Contrary propositions are not the same as contradictory propositions. If two propositions are contrary, it is possible for both propositions to be false. For example, the proposition that “every man is just” is contrary to the proposition that “no man is just,” but both propositions may be false if some men are just.

On the other hand, the proposition that “not every man is just” is contradictory to the proposition that “every man is just,” because both propositions cannot simultaneously be true, and both propositions cannot simultaneously be false. If there are two propositions, such that when one is true the other must be false, and when one is false the other must be true, then they are contradictory.

Propositions may be universal, indefinite, or individual in what they affirm or deny. A proposition which is of universal character is a proposition predicated of many subjects. A proposition which is of individual character may be predicated of a particular subject.

With respect to propositions of individual character, if the affirmation is false, the contrary is true. With respect to propositions of universal character, if the affirmation is false, the contradictory is true.

A dialectical question is a request for an answer which is found in one of two contradictory alternatives. The answer to the question requires the admission of a premise, or the admission of a contradictory premise.

When two simple propositions having the same subject are true, it does not follow that the predicates of the propositions can always be combined to form a single predicate.

Predictates of separate propositions having the same subject do not always combine to form a unity. For example, if a man is good, and is also a shoemaker, it does not follow that he is a good shoemaker.

If something is contingent, it is not necessary. If a proposition is contingently true, its truth depends upon the truth of another proposition. If a proposition is necessarily true, it is true in and of itself, and does not depend for its truth upon the truth of another proposition.

Propositions may assert or deny possibility, impossibility, contingency, or necessity. It is impossible for two contradictory propositions to be simultaneously true of the same subject.

The contradiction of a proposition which asserts possibility (such as, “it may be”) is not another proposition which asserts possibility (such as, “it may not be”), but is a proposition which asserts impossibility (such as, “it cannot be”).

Similarly, the contradiction of a proposition asserting necessity (such as, “it is necessary that it should be”) is not another proposition asserting necessity (such as, “it is necessary that it should not be”), but is a proposition asserting lack of necessity (such as, “it is not necessary that it should be”).

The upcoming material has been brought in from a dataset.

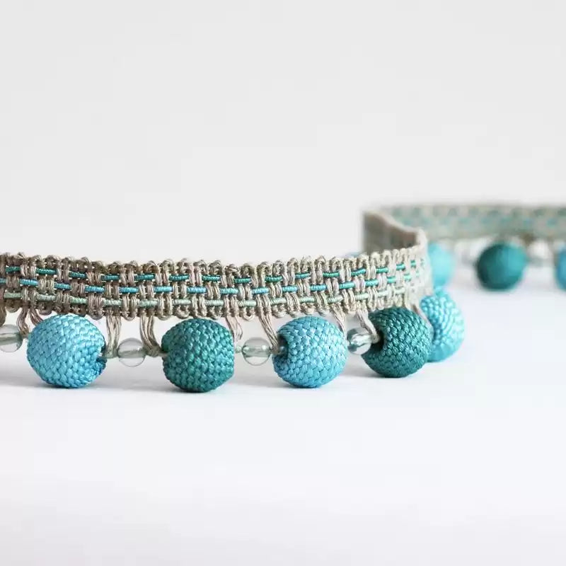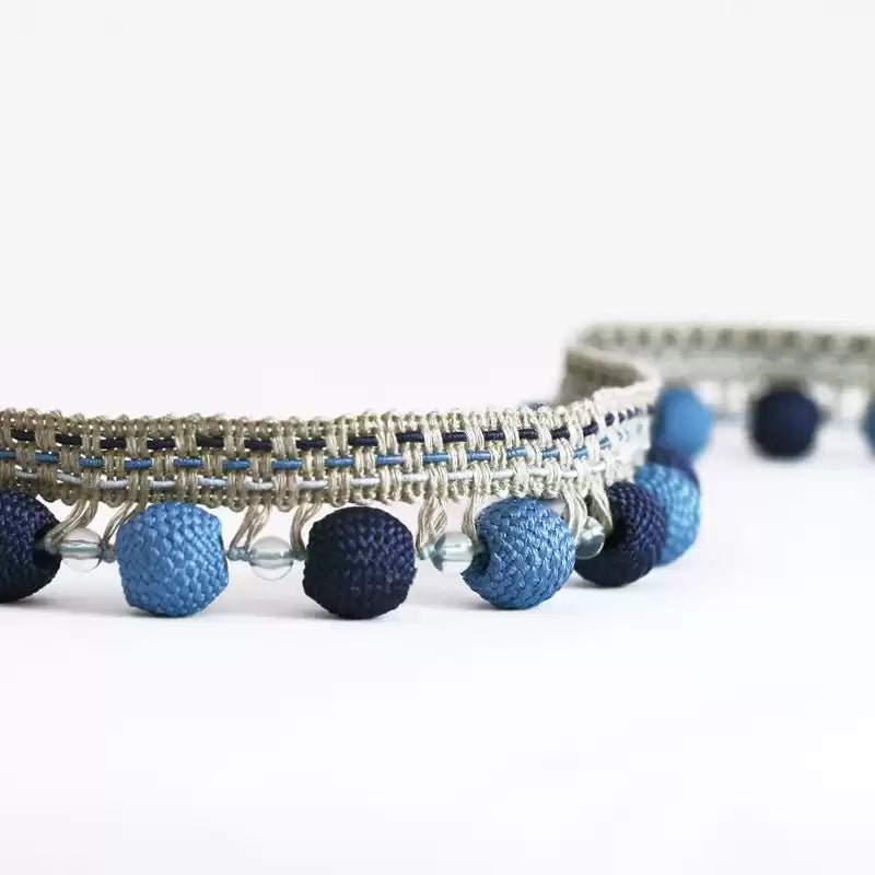A variety of unusual braids, cords and fringes featuring embroidery, knitted beads, ombre pleating and distressed metal coins to add the perfect finishing touch to contemporary Osborne Little fabrics especially those in the CORNICHE, CROISETTE and VERDANTA collections.

A proposition may be the expression of a judgment. An affirmation may be opposed by another affirmation. A denial may be opposed by another denial. Judgments are not contrary because they have contrary subjects, but because they have a contrary effect (Chapter 14).

The contrary of a universal affirmation, such as “every man is good,” is a universal denial, such as “no man is good.” The proposition that “every man is good” is contradictory to the proposition that “not every man is good.”

The problem with which Aristotle is mainly concerned in On Interpretation is how logical propositions may affirm or deny each other. Aristotle shows how a proposition may be opposed by a denial or a contradiction. The negation of a proposition is seen in its contradiction. Negating a proposition means replacing it with a contradictory proposition.


BIBLIOGRAPHY

Aristotle. “De Interpretatione (On Interpretation).” Translated by E.M. Edghill. The Basic Works of Aristotle. Edited by Richard McKeon. New York: Random House, (1941), pp. 38-61.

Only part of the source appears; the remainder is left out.